Understanding the in vitro dose–response relationship is a crucial step for the applicability of biological dosimeters. It allows the use of the proposed methodology in real situations. At the background level, we obtained a value for LR of 5.8 ± 1.2, quite similar to the reported value of 5 [6]. Previously pooled LR data from subject samples [6] were used for fitting data based on cytophotometry studies that established a quite constant length for chromosomes 1 (longest) and 22 (shortest) among individuals at the background level i.e. not exposed to radiation [11]. However, this was performed after normalization of the length by linear regression of the measured DNA content of chromosomes 2, 3 and 4 against the expected normalized DNA content and could be different for direct measurements without normalization [11]. Gotoh and Tanno [6] used the direct measurement of the chromosome pieces and assumed a nearly constant LR value at the background level without further consideration of individual data. Here we decided to combine the direct measurement of the chromosome pieces with the consideration of individual variability, and consequently we used the means of the three donors with their standard deviations for fitting a dose–response curve. The best fit was obtained with the lineal model. Several useful mathematical models (i.e. square root, power and exponential rise to maximum) have previously been fitted to the LR data after low-LET radiation with an acceptable goodness-of-fit [6]. The reason for the apparent contradiction between the linear model obtained here and these reported models is, presumably, the dose interval used. The LR data show apparent saturation after doses > 20 Gy according to the graphic information presented in previous reports [6, 7]. According to the same graphic information, the LR data increase, presumably linearly, with doses up to 20 Gy.

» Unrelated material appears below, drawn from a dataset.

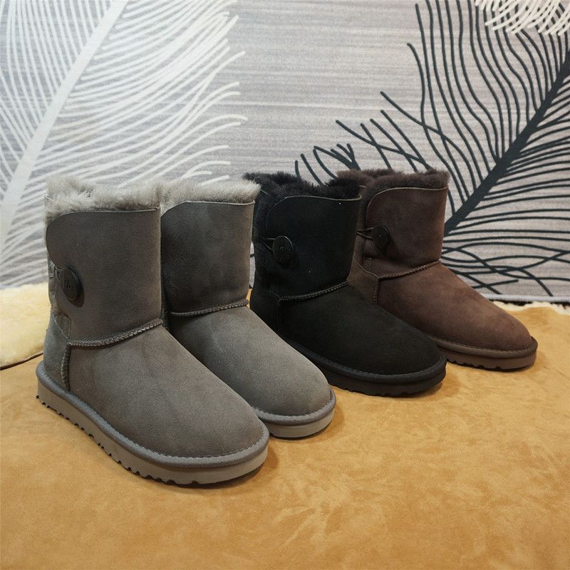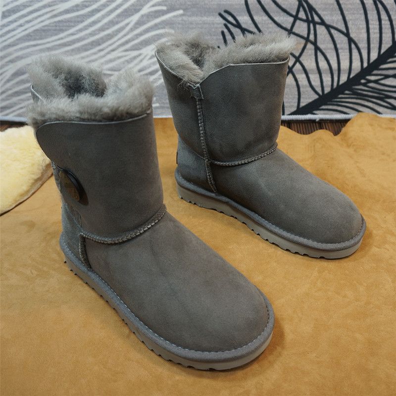 真皮羊皮毛一体雪地靴 新款 中筒靴一粒扣保暖棉靴 3冬季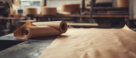 Kraft paper rolls on a crafting table showcasing texture and versatility in designs

The possibility of establishing a dose–response relationship by automatic image capture and analysis of PCC spreads confirms the utility of this approach for high-dose biodosimetry. This procedure increases the potential use of the PCC method for triage in case of massive radiation causalities and should be considered by the biodosimetric community as a promising tool with which to complement the dicentric assay.

FUNDING

This work was supported by a grant from the International Atomic Energy Agency (CUB/10010) awarded to I.R from Project RLA/9074. Funding to pay the Open Access publication charges for this article was provided by IRSN (Fontenay-aux-Roses, France).